I have been progressing on the tentative/understanding of Numba on my side. I have a working tentative implementation that matches the output of op_slow, here is a list of main changes with respect to the original post:

  • changed the parallelism only to the batch dimension so as to simplify my approach
  • removed usage of shared array for mu, gamma and input at the moment

Now the catch is that it performs worse than the CPU implementation by 2/3 orders of magnitude. I’m looking toward profiling based improvement as the next step. My main source is curiouscoding.nl/phd/2021/03/24/numba-cuda-speedup/
I understand the main culprit would be related to sub-par data management. I’d take any suggestion !

@cuda.jit
def op_numba_c(input, gamma, mu, c, weight_shape_1, weight_shape_2, weight_shape_3):
    sharedC = cuda.shared.array(shape=1024, dtype=numba.float32)
    bi = cuda.grid(1)
    x_gridsize = cuda.gridsize(1)
    threadB = cuda.threadIdx.x

    if threadB < c.shape[0]:
        sharedC[threadB] = c[threadB]
    if cuda.blockDim.x < c.shape[0] and threadB == 0:  # not covering all values
        for i in range(cuda.blockDim.x, c.shape[0]):
            sharedC[i] = c[i]

    cuda.syncthreads()

    if bi > input.shape[0]:
        return

    while bi < input.shape[0]:
        # Iterate on io j0 i0p j0p
        for i0 in range(input.shape[2]):
            for j0 in range(input.shape[3]):
                for i0p in range(input.shape[5]):
                    for j0p in range(input.shape[6]):
                        v = numba.float32(0.)
                        for ci in range(weight_shape_1):
                            threadM = mu[bi, ci]
                            threadG = gamma[bi, ci]
                            for ii in range(weight_shape_2):
                                for ji in range(weight_shape_3):
                                    v += (threadM[i0+ii, j0+ji] * threadM[i0p+ii, j0p+ji] + threadG[i0+ii, j0+ji, ci, i0p+ii, j0p+ji])
                        # For each c0 update input
                        for c0 in range(input.shape[1]):
                            #input[bi, c0, i0, j0, c0, i0p, j0p] += v * sharedC[c0]
                            cuda.atomic.add(input, (bi, c0, i0, j0, c0, i0p, j0p), v * sharedC[c0])
        bi += x_gridsize

Hi, you shouldn’t need atomic add and using shared memory at all. In your last comment you mentioned that only the batch dim is parallelized. However you typically need to a lot of parallelism to keep the GPU fully occupied, otherwise it’s under-utilized.
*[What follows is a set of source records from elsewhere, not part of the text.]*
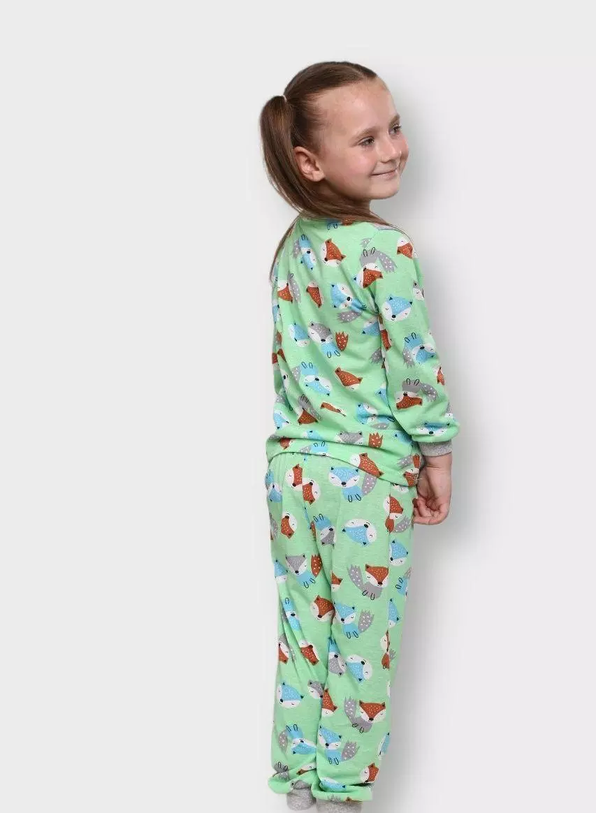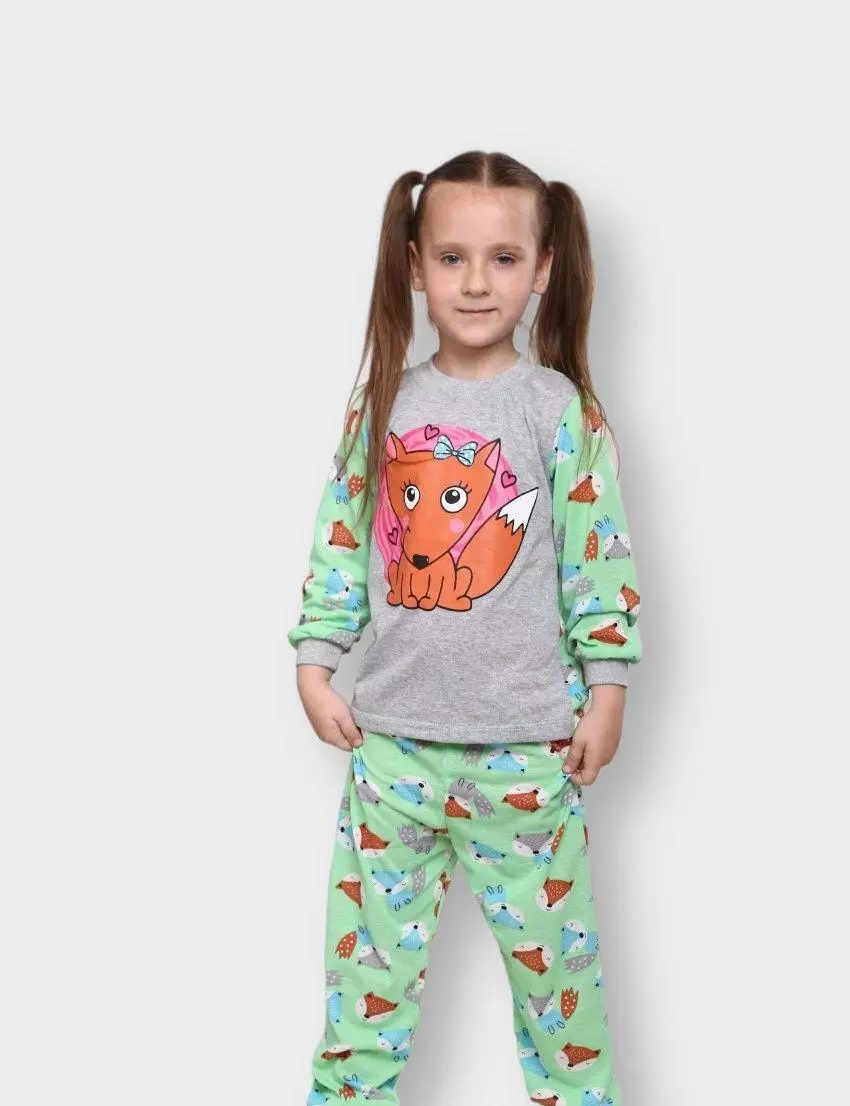 Модная и удобная детская пижама для девочки. Комплектация: кофта с длинным рукавом+штаны. Материал: кулир. Мягкая и приятная к телу. Свободный и удобный крой. Штанишки на мягкой резинке. На штанинах и на рукавах манжеты.
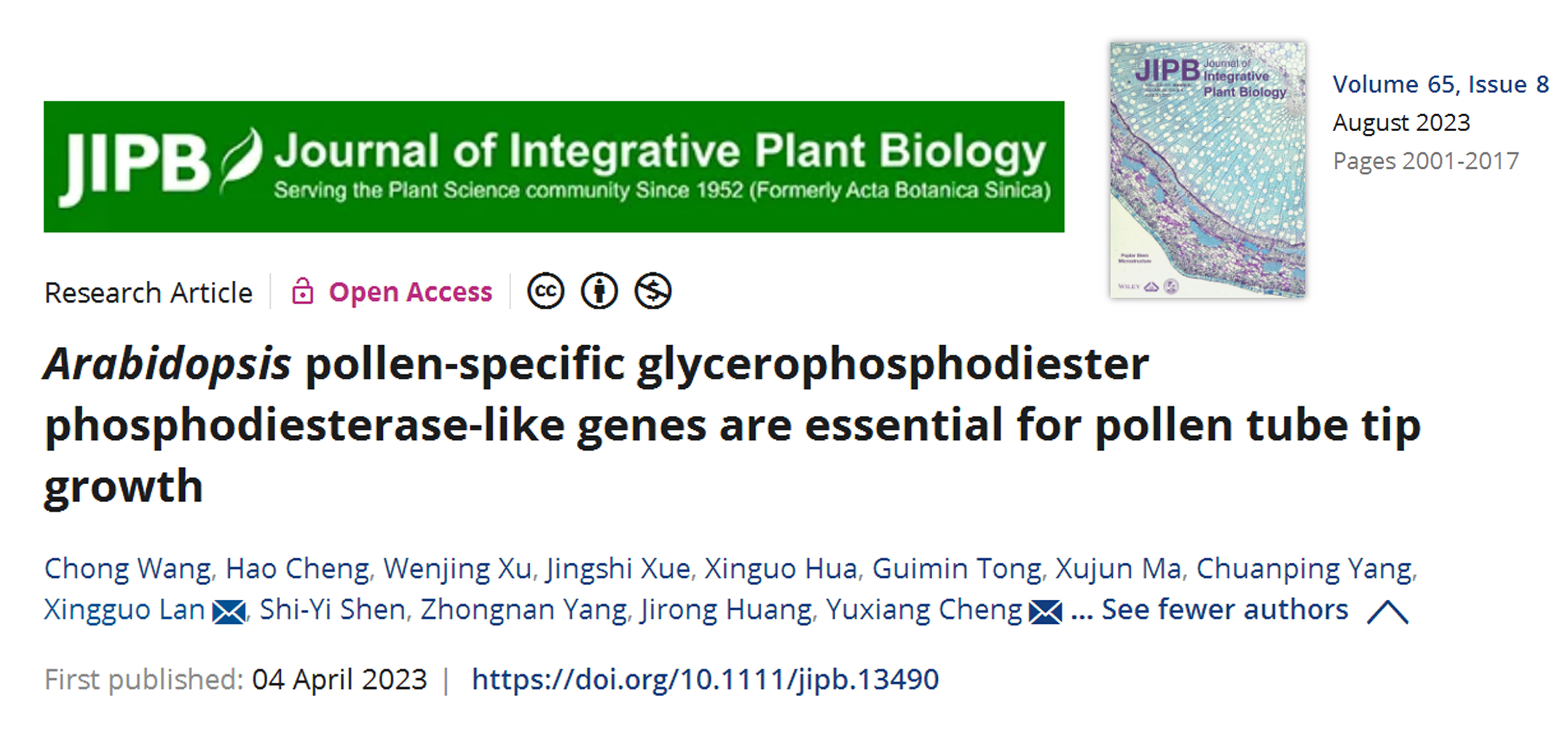近日,我校林木遗传育种全国重点实验室程玉祥团队和生命科学学院蓝兴国团队在国际著名期刊JournalofIntegrativePlantBiology上发表研究成果。该成果发现一个新的控制植物雄性育性的关键基因GDPD-LIKE,调控花粉管顶端细胞壁纤维素沉积、介入花粉管极性生长,完成开花植物受精和种子形成,为植物杂交育种培育一类新的雄性不育系奠定了基础。花粉萌发、花粉管生长对开花植物受精和种子形成至关重要。花粉管极性生长过程快速且复杂...
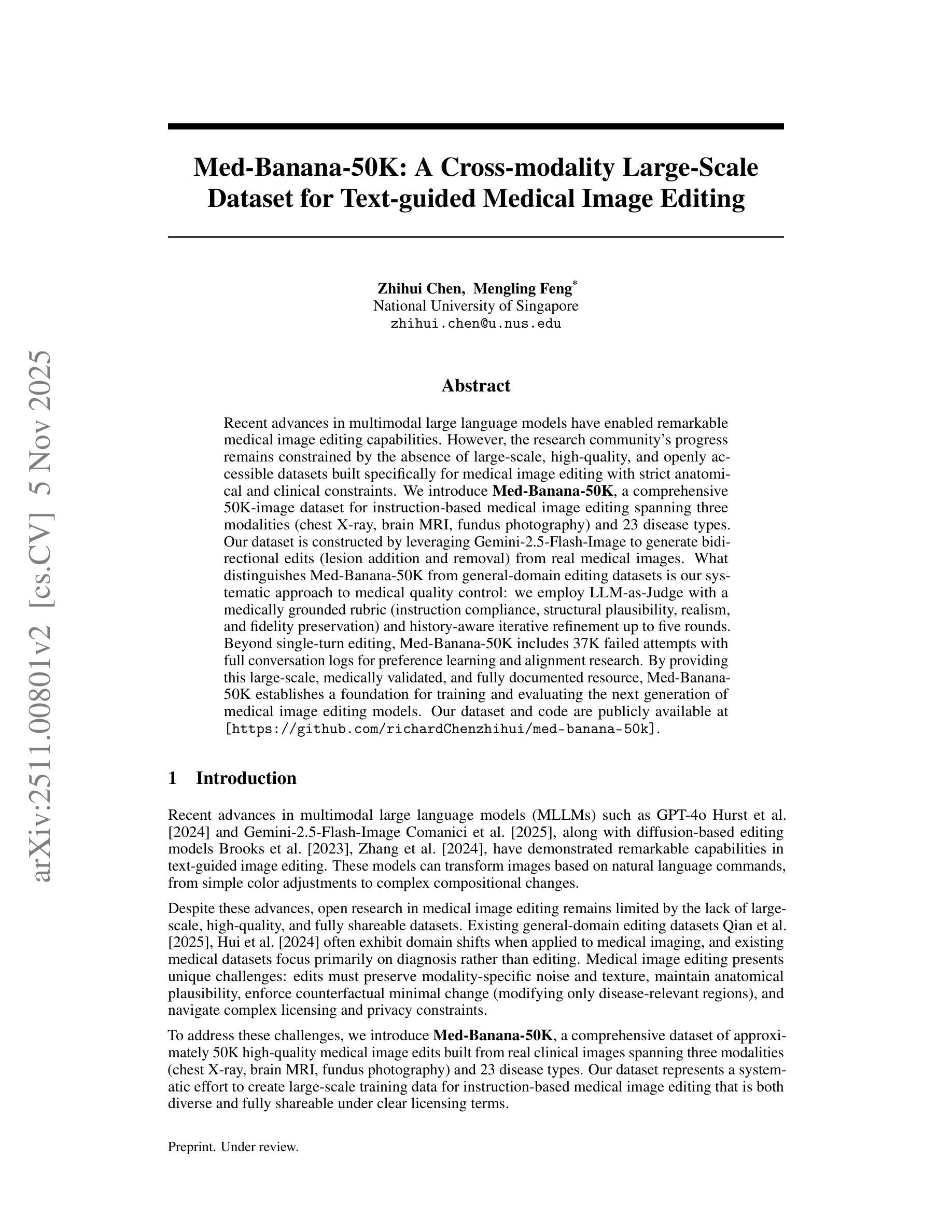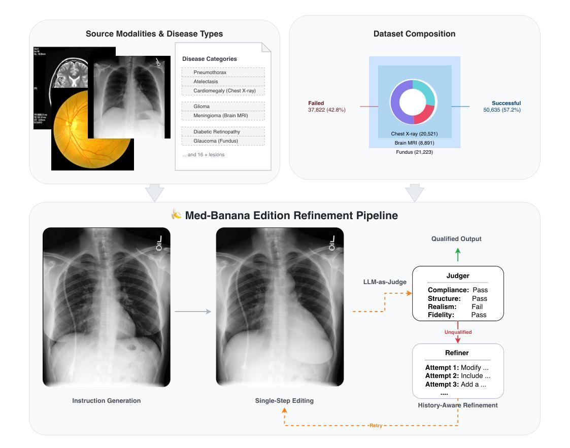 Recent advances in multimodal large language models have enabled remarkable medical image editing capabilities. However, the research community’s progress remains constrained by the absence of large-scale, high-quality, and openly accessible datasets built specifically for medical image editing with strict anatomical and clinical constraints. We introduce Med-Banana-50K, a comprehensive 50K-image dataset for instruction-based medical image editing spanning three modalities (chest X-ray, brain MRI, fundus photography) and 23 disease types. Our dataset is constructed by leveraging Gemini-2.5-Flash-Image to generate bidirectional edits (lesion addition and removal) from real medical images. What distinguishes Med-Banana-50K from general-domain editing datasets is our systematic approach to medical quality control: we employ LLM-as-Judge with a medically grounded rubric (instruction compliance, structural plausibility, realism, and fidelity preservation) and history-aware iterative refinement up to five rounds. Beyond single-turn editing, Med-Banana-50K includes 37K failed attempts with full conversation logs for preference learning and alignment research. By providing this large-scale, medically validated, and fully documented resource, Med-Banana-50K establishes a foundation for training and evaluating the next generation of medical image editing models.Our dataset and code are publicly available at [https://github.com/richardChenzhihui/med-banana-50k].

You original code can be parallelized as follows:

bi, c0, i0, j0, c0, i0p, j0p => dimensions that can be mapped to thread blocks
ci, ii, ji => dimensions that can be mapped to parallel threads

You will need block reduction among the threads. Each thread block will be responsible for one data point of input[bi, c0, i0, j0, c0, i0p, j0p]. This way as I see, no inter-block communication such as atomic add is needed.